Experience with Immunotherapy?
Hello,
I have been following this forum since my wife was first diagnosed with tongue cancer in October 2016 and would like to thank everyone for sharing their experience that helped us a lot to stay strong and positive.
My wife is still going through her cancer treatment, we would like to get some advice on the next treatment. I'll start with the treatment summary she has gone through so far:
October 2016: Diagnosed with Squamous cell carcinoma of tongue (HPV negative).

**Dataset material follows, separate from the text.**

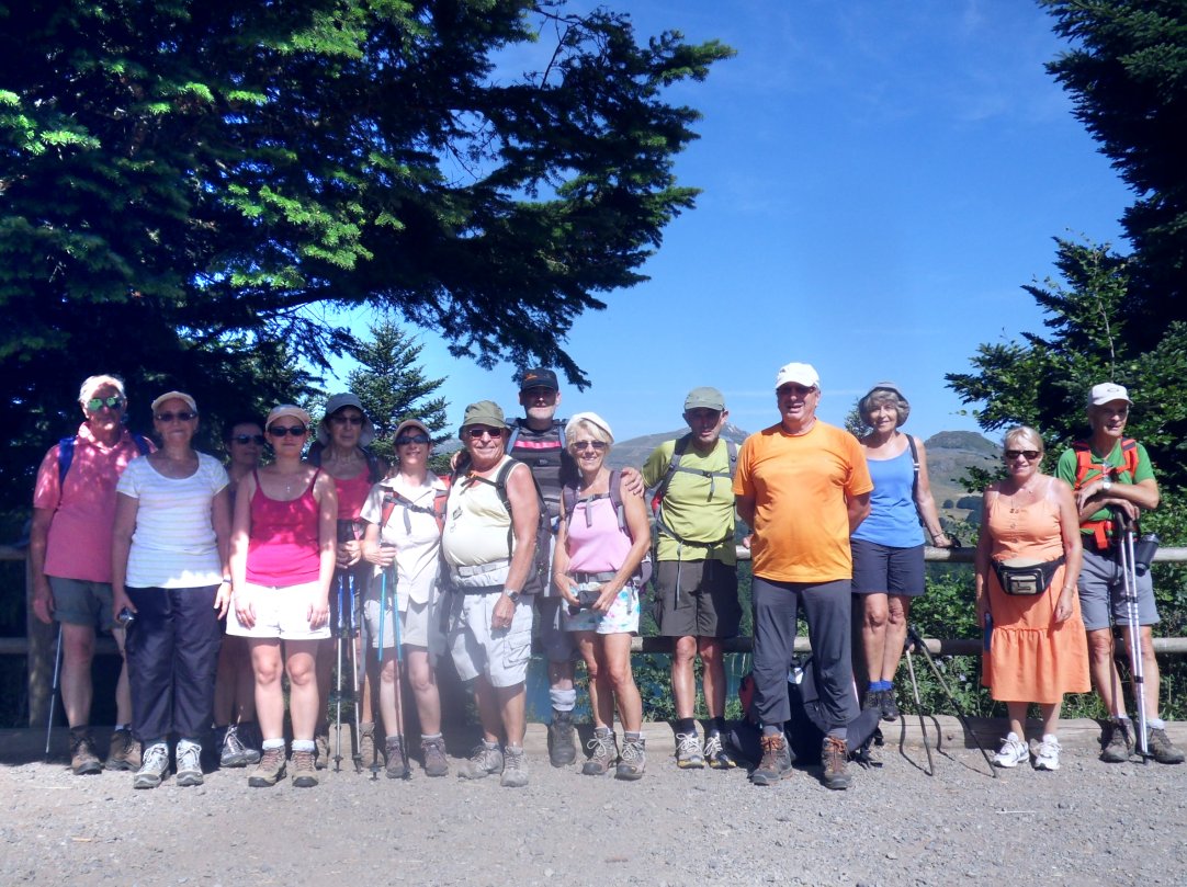 Pleins d’entrain, nous repartons gaiement. Les monts du Sancy apparaissent. Le soleil est fort ! Nous espérons un peu d’ombre. Nous continuons sur un chemin facile : quelques petits œillets d’un rose intense sur le bord, mais, dans les prés, l’herbe est jaune et les gentianes souffrent de la sécheresse !

November 2016: Surgery removing one-third of the tongue (replaced with the skin graft from wrist) and some lymph nodes from the neck.
January and February 2017: Radiation (33 sessions) and Chemo using Cisplatin (3 sessions).
May 2017: First CT scan after the end of radiation and chemo treatment. The scan showed some glow under the clavicle area.
June 2017: After bronchoscopy and mediastinoscopy, the glow in the scan was identified as cancer. Breathing started becoming a challenge, steroid was prescribed to control the swelling around the trachea.
July 2017: Decided to get the second opinion from UCLA doctors, they decided to put a stent in the trachea before starting the radiation and chemo again. Breathing became better but still a challenge.
August 2017: Radiation treatment (10 sessions) with 4 erbitux infusions.
August 2017: Two weeks after the treatment, the radiation oncologist scoped the trachea area and was disappointed to see traces of cancer around the voicebox and shrunk windpipe. My wife was admitted immediately for further scans and testing.
September 2017: While staying at the hospital, the stent was removed, tracheostomy was performed to help with breathing, GI tube was placed and biopsy was taken for cancer testing. There was some swelling (about 10%) around face and neck area and doctors blamed the use of steroid for 2 months.
September 2017: The biopsy came out positive for cancer. The doctors decided to just do chemo this time and start while she was at the hospital. The TPF chemo infusion was performed (using Carboplatin instead of Cisplatin) that takes 4 days to complete. The side effects were extreme this time, lost hair, the face has severe swelling (almost twice the size), can't climb stairs or walk 20 steps continuously. After chemo, seven days were spent in the hospital with three blood transfusions and several electrolyte transfusions. Two weeks after the end of TPF chemo (09/28/2017), another scan was performed which shows cancer progression around the lung and trachea areas.
We are in our early 30s and are devastated by these constant attacks. During our last visit to our medical oncologist at UCLA before 09/28/2017 scan, we were told that it's up to us whether we would like to continue with the TPF chemo or start working on immunotherapy. But for either one, my wife needs to show some strength and qualify to go through another treatment. It was never a strength of our medical oncologist to sound positive or hopeful but now, especially when we need it, her tone is more negative. Now after learning that the TPF chemo is not working, we want to start on immunotherapy as soon as possible. We plan to see the medical oncologist tomorrow if possible and request to start on immunotherapy right away somehow. Our apartment is like a small hospital with all the types of equipment for transportation, breathing, and feeding tube.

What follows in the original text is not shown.